Walter did not like the appearance and manner of these men, but they aroused his curiosity. “Who are the DeMeurons?” he asked Louis. “How did they come here, and why do they call themselves by that name?”

“They came with Lord Selkirk when he recaptured Fort Douglas from the Northwesters. They were soldiers brought over from Europe to fight for the King in the last war with the Americans. After the war they were discharged and Lord Selkirk engaged about a hundred of them to protect his colony. Because most of them had belonged to a regiment commanded by a man named DeMeuron, the settlers call them all DeMeurons. Lord Selkirk gave them land along the Rivière la Seine, which comes into the Red about a mile above here, but they do little farming, those DeMeurons. They would rather hunt. I blame them not for that. The other colonists have no love for them.”

“I don’t like their looks myself,” Walter replied, “but they seem kinder to strangers than anyone else here is.”

“The DeMeurons are all bachelors,” Louis explained with a grin. “They seek wives to keep their houses and to help them farm their lands, and perhaps they think Swiss girls will work harder than bois brulés. So they are kind to the fathers and brothers that they may not be refused when they propose marriage to daughters and sisters. Soon there will be weddings I think.”

“I should hate to see a sister of mine marry a DeMeuron,” was Walter’s emphatic comment. He changed the subject. “Have you found out,” he asked, “if it is true that Lord Selkirk is dead?”

“Yes, it is true. He died, they say, a year ago last spring.”

“Then who owns the Colony now, the Hudson Bay Company?”

“I don’t quite understand about that,” was the doubtful reply. “I asked one of the Company clerks at the fort and he said that the land and everything belong to Lord Selkirk’s heirs. But M’sieu Garry, the Vice-Governor of the Company, as they call him, was here during the summer, and with him was M’sieu McGillivray, a big man among the Northwesters, and now, since the two companies are one, of the Hudson Bay also.
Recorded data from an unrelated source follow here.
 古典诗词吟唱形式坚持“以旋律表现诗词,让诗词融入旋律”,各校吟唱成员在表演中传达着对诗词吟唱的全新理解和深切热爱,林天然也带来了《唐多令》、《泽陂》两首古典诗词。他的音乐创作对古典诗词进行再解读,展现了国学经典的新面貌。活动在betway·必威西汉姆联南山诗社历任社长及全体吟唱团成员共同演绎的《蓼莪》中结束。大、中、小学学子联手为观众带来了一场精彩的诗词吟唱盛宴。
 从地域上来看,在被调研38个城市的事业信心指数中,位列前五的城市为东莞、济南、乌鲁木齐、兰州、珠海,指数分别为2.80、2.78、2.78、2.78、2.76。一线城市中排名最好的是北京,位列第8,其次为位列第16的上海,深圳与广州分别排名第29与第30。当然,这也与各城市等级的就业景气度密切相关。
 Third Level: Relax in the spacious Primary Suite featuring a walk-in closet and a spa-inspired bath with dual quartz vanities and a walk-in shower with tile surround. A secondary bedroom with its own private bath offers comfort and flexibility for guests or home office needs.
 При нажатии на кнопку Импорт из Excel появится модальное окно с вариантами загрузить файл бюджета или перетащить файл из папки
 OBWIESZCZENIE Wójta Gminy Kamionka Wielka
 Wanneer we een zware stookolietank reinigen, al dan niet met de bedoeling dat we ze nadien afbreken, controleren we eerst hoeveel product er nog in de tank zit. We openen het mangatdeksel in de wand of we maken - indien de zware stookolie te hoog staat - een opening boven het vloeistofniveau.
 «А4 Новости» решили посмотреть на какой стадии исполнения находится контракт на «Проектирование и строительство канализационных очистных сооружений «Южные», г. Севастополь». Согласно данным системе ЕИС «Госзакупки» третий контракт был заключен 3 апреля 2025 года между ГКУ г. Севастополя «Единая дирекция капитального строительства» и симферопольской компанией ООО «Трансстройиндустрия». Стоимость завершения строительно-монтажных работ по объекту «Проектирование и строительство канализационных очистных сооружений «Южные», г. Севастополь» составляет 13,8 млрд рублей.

They were much interested in the settlement, the clerk said, and made plans about what should be done.”

“Lord Selkirk was one of the owners of the Company, wasn’t he?” Walter questioned. “Then his heirs must own part of it. Perhaps the Company is going to run the Colony for them. Does Governor McDonnell belong to the Company?”

“That I don’t know. It was Lord Selkirk who made McDonnell governor. Truly it is he who runs the Colony now, with a high hand.”